Wounds

From Adams Street

When I was about 11, I went to a party at my aunt and uncle’s house with my dad and his wife. Most of my cousins were there. A couple of days beforehand I had sprouted a lovely pimple right in the middle of my forehead. I put a band aid over it before I went to the party and tried to pass it off as a cut. My cousins weren’t buying it. Most were older than I was and knew what a band aid on the face meant. Zit! They weren’t horribly cruel, just mildly cruel in the way kids can be. And I was alone among siblings and very anxious and nervous. I remember wanting to be anywhere on earth but there.

In the twilight, some of my cousins sought me out and told me a horrible thing. They said that my Uncle Bob had told everyone that I wasn’t the daughter of my parents.
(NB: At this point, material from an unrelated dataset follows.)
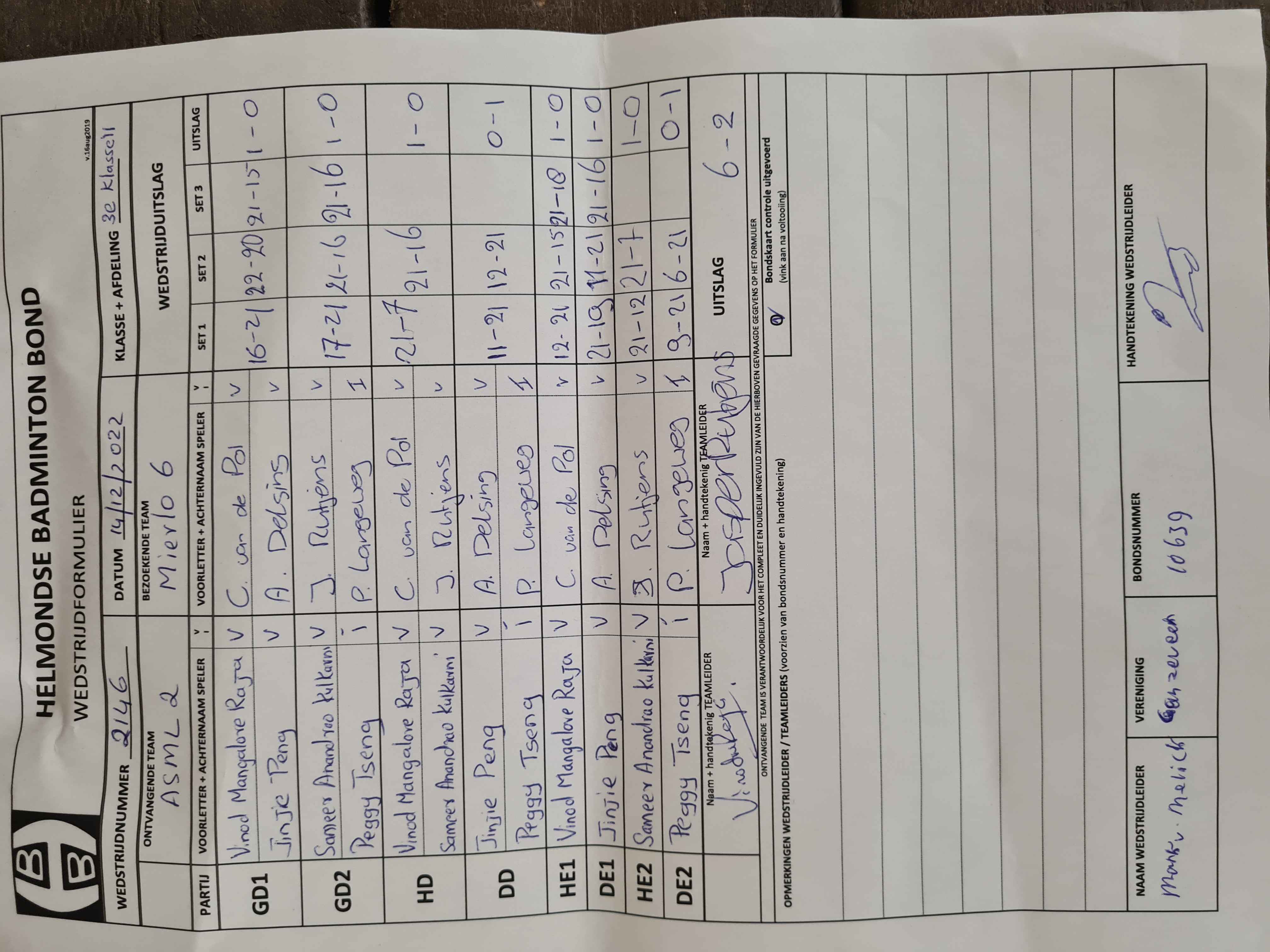 | 2146 | wo. 14-12-2022 | ASML 2 | - | Mierlo 6 | 14 | 6 - 2 | |||
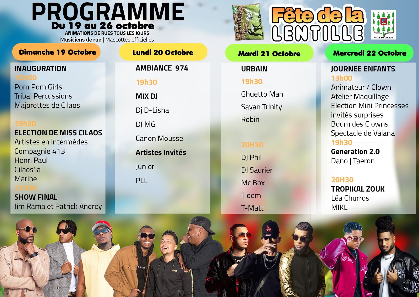 La fête de la lentille aura lieu cette année du 19 au 26 octobre 2025. Une semaine entière de festivités, de concerts, d’animations populaires, de marchés du terroir, et bien sûr de moments forts autour de la lentille de Cilaos, fleuron de notre terroir. A n'en pas douter, les réunionnais seront certainement nombreux à profiter de la fête de la lentille pour se rendre dans le magnifique cirque de Cilaos durant les vacances scolaires.

I was really the daughter of my much older sister. “That’s why you all had to go to Missouri. So Debbie could have you. They’re just pretending that she’s your sister.”

The noise of the grown-up party filtered out through the windows in a happy din, but it didn’t feel warm to me. It felt like a wall, and I didn’t want to be on either side of it.

Did I run to my father and demand the truth? Did I protest to my cousins that Uncle Bob was a liar?

I did not.

I filed this nugget of information away, where it nagged at me for 20 years.

Eventually I came to believe it was bullshit. Eventually I came to believe that it didn’t matter if it were true.

But it affected me profoundly throughout my adolescence and early adulthood. I never felt like I fit in. I felt like the whole operation was a house of cards that could come down at any minute. I believed that no one told the truth, especially my parents.

My Uncle Bob died on Friday. I’m sorry that my father is in pain over his loss. But, really, he was kind of a shit.